» INPUT MATERIAL:
==*==

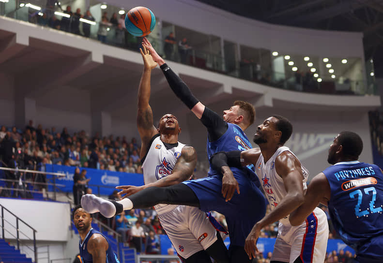 «Зенит» тем не менее и в ослабленном составе смотрелся более чем прилично. Отчасти благодаря тому, что у петербуржцев очень неплохо получались дальние броски (скажем, Александр Щербенёв до большого перерыва выбросил четыре попытки и три из них достигли цели). Отчасти за счет уверенной игры Алекса Пойтресса. Зенитовский «большой» крайне редко промахивался. Что касается ЦСКА, то какой-то один герой у команды не вырисовывался. Разве что чуть выделялся Антон Астапкович, но не столько попаданиями, сколько выверенными передачами. Но герой ЦСКА и не требовался. Армейская машина и без него работала без особых сбоев. Впрочем, и на полную мощность она не выходила. Как следствие, лидер в этом матче менялся с пугающей частотой (всего за матч таких смен было больше двух десятков).
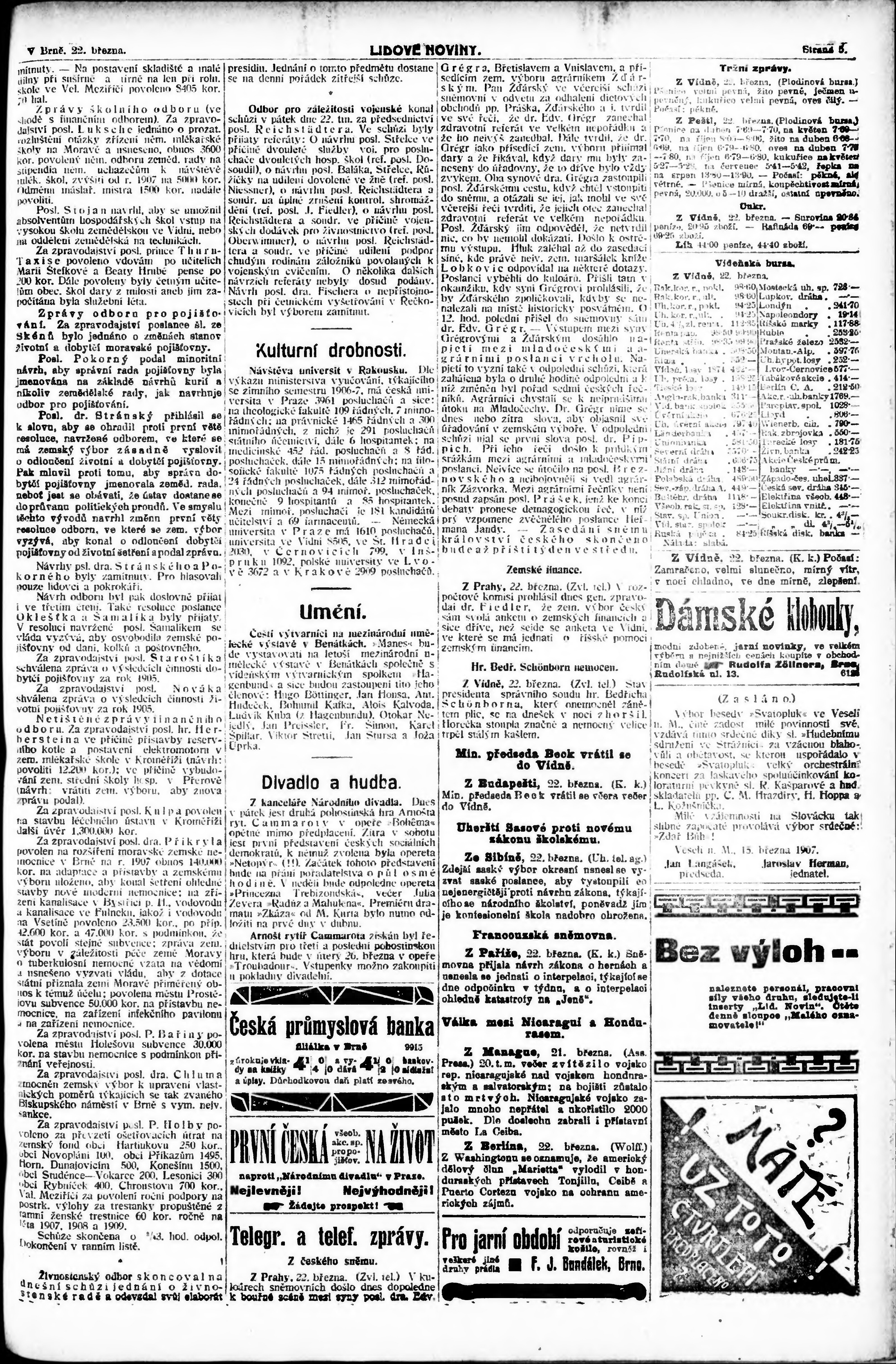 * Datum vydání výtisku: 22.3.1907 Číslo výtisku: 81 Poznámky k výtisku: večerní vydání;
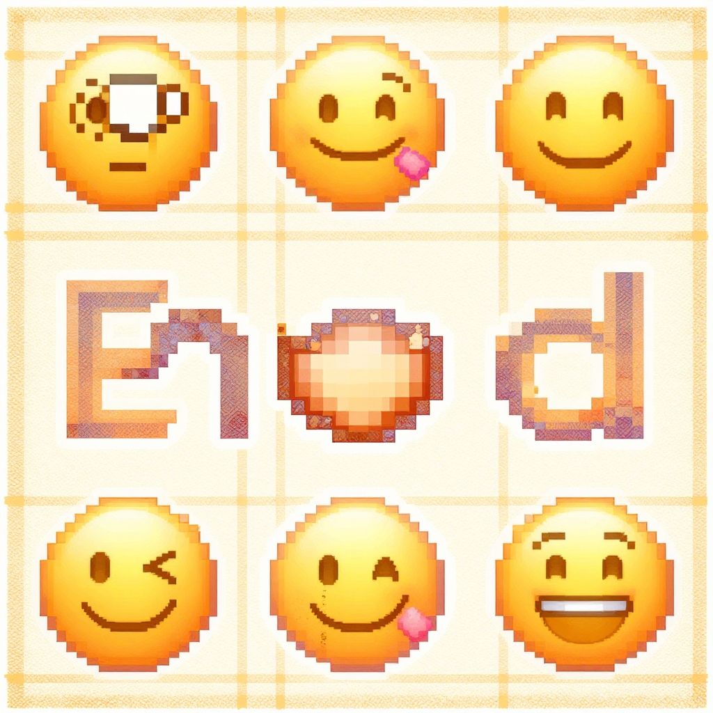 Emojify text depicted as a mosaic of tiny emojis forming readable words, pixel art style, cheerful and detailed, warm pastel palette with subtle shadows and highlights
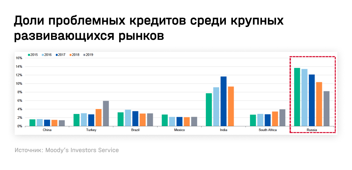 По доле «плохих» займов даже на уровне 2019 года Россия лидирует среди крупных развивающихся рынков, обгоняя Турцию, Бразилию, Мексику, ЮАР и Китай.
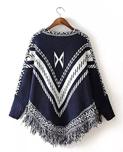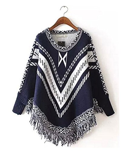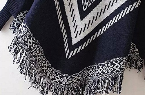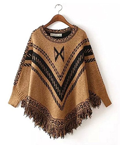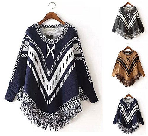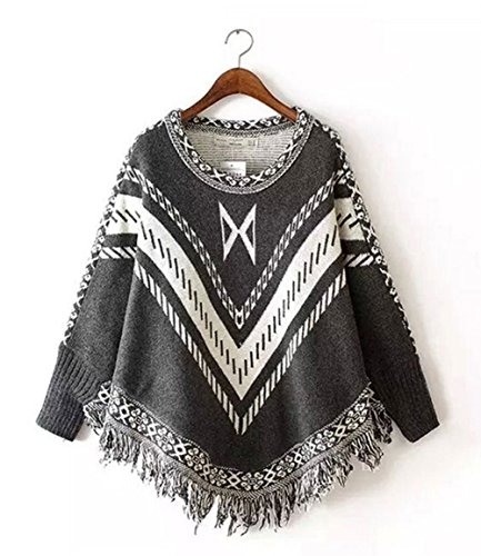 (StylesILove.com)/Accessories/Cold Weather Accessories/DIRECT FROM USA/Round Neck Knit Tribal Print Tasseled Warm Poncho with Sleeves
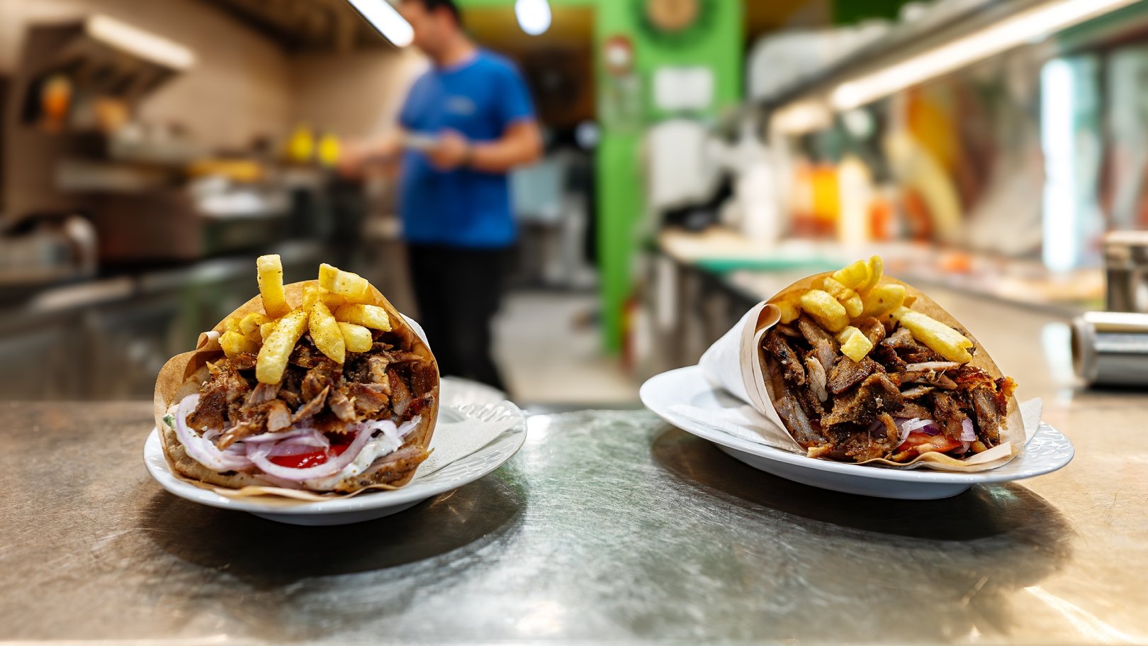 Next, we indulge in an essential part of Greek street food, savoring a souvlaki wrapped in pita bread, accompanied by a refreshing Greek beer.
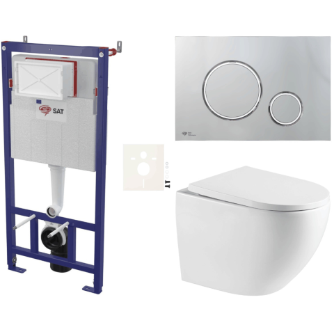 Fali WC-készlet - a készlet a következőket tartalmazza: WC öblítőkör nélküli WC, könnyű falmodul / válaszfal, SAT WC-tartály, SAT vezérlőgomb és WC-ülőke. A WC-ülőke duroplastból készült. A vezérlőgomb műanyagból készült és krómfényű.

==*==

» TO DO:
Keep the pictures out of your answer, which should be the lines from the one with "výtisku: večerní vydání;" through the final line of the data, copied exactly.

» FINISHED EXERCISE:
 * Datum vydání výtisku: 22.3.1907 Číslo výtisku: 81 Poznámky k výtisku: večerní vydání;
 Emojify text depicted as a mosaic of tiny emojis forming readable words, pixel art style, cheerful and detailed, warm pastel palette with subtle shadows and highlights
 По доле «плохих» займов даже на уровне 2019 года Россия лидирует среди крупных развивающихся рынков, обгоняя Турцию, Бразилию, Мексику, ЮАР и Китай.
 (StylesILove.com)/Accessories/Cold Weather Accessories/DIRECT FROM USA/Round Neck Knit Tribal Print Tasseled Warm Poncho with Sleeves
 Next, we indulge in an essential part of Greek street food, savoring a souvlaki wrapped in pita bread, accompanied by a refreshing Greek beer.
 Fali WC-készlet - a készlet a következőket tartalmazza: WC öblítőkör nélküli WC, könnyű falmodul / válaszfal, SAT WC-tartály, SAT vezérlőgomb és WC-ülőke. A WC-ülőke duroplastból készült. A vezérlőgomb műanyagból készült és krómfényű.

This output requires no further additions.